In 19th-century and early 20th-century apartment buildings, particularly in Paris, the concierge was known as a "Suisse", as the post was often filled by Swiss people. They often had a small apartment on the ground floor, called la loge, and were able to monitor all comings and goings. However, such settings are now extremely rare; most concierges in small or middle-sized buildings have been replaced by the part-time services of door-staff. Some larger apartment buildings or groups of buildings retain the use of concierges. The concierge may, for instance, keep the mail of absented dwellers, be entrusted with the apartment keys to deal with emergencies when residents are absent, provide information to residents and guests, provide access control, enforce rules, and act as a go-between for residents and management when management is not on-site.

A modern concierge may also serve as a lifestyle manager, like a secretary or a personal assistant.

In hotels or resorts, a concierge assists guests by performing various tasks such as making restaurant reservations, booking hotels, arranging for spa services, recommending night life hot spots, booking transportation (like taxi, limousines, airplanes, boats, etc.), coordinating porter service (luggage assistance request), procuring tickets to special events, and assisting with various travel arrangements and tours of local attractions. Concierges also assist with sending and receiving parcels.

Services
In hospitals, concierge services are becoming increasingly available. A hospital concierge provides similar services to those of a hotel concierge, but serves patients and employees as well. This helps hospital employees who work long shifts, and helps to provide work-life balance.

There are numerous independent personal concierge companies that provide errand services and information services for their members. Services include informational requests, setting dinner reservations, making telephone calls, researching travel arrangements and more. Typically, concierge companies will bill on an hourly rate, and depending upon the type of task, fees can vary drastically. Other companies bill a flat monthly fee based upon the number of requests a member is allowed to place each month. In the United Kingdom, since the year 2000 and as of 2010, concierge has become a key marketing and loyalty tool in the banking sector and offered as a benefit on luxury credit cards. This service offering is also known as lifestyle management. Concierges also entertain their clients.
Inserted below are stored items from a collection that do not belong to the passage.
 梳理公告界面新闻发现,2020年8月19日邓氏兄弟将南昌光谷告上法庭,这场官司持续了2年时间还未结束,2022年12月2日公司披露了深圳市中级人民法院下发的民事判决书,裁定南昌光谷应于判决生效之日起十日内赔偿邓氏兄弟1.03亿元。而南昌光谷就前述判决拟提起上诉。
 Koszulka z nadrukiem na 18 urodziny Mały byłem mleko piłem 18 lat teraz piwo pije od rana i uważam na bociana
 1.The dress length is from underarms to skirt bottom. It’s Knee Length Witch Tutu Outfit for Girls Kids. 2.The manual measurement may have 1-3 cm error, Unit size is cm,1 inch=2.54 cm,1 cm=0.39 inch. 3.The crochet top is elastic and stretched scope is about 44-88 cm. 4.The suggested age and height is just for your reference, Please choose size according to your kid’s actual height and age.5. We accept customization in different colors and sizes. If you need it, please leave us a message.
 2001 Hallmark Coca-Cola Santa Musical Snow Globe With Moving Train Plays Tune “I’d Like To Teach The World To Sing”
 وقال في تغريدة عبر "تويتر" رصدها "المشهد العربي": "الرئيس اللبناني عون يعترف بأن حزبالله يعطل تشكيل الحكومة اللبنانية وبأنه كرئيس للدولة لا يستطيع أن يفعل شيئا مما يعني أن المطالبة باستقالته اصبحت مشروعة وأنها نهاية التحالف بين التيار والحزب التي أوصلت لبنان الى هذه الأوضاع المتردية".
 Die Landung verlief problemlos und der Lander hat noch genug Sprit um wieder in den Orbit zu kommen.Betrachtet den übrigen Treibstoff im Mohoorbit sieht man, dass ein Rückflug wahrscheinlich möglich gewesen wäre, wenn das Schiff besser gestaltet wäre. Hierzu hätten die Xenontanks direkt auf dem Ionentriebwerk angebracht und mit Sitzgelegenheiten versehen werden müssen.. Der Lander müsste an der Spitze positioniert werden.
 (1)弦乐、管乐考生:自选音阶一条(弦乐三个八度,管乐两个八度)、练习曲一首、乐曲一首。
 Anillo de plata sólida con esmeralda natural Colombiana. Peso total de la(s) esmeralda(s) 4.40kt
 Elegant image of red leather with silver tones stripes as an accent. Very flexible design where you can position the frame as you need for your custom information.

Additionally, concierge services are now frequently offered as a service by financial institutions to their most valuable clients as way of retaining and attracting clients. Lifestyle and travel concierge companies  often offer their service as a white-label or semi-branded product on a business-to-business-to-consumer (B2B2C) basis.  Banks who currently offer concierge services to clients include Coutts, China Merchants Bank, RBC and HSBC.

Airport concierge services help travellers make it through security, customs, and immigration faster, and provide lounge access. 

The owners and operators of concierge, lifestyle management and errand service businesses are supported and advocated by the non-profit International Concierge and Lifestyle Management Association (ICLMA) and the National Concierge Association.

Etymology
The French word concierge is likely derived from the Old French cumcerges, itself related to the Medieval Latin consergius or the Latin conservus ("fellow slave").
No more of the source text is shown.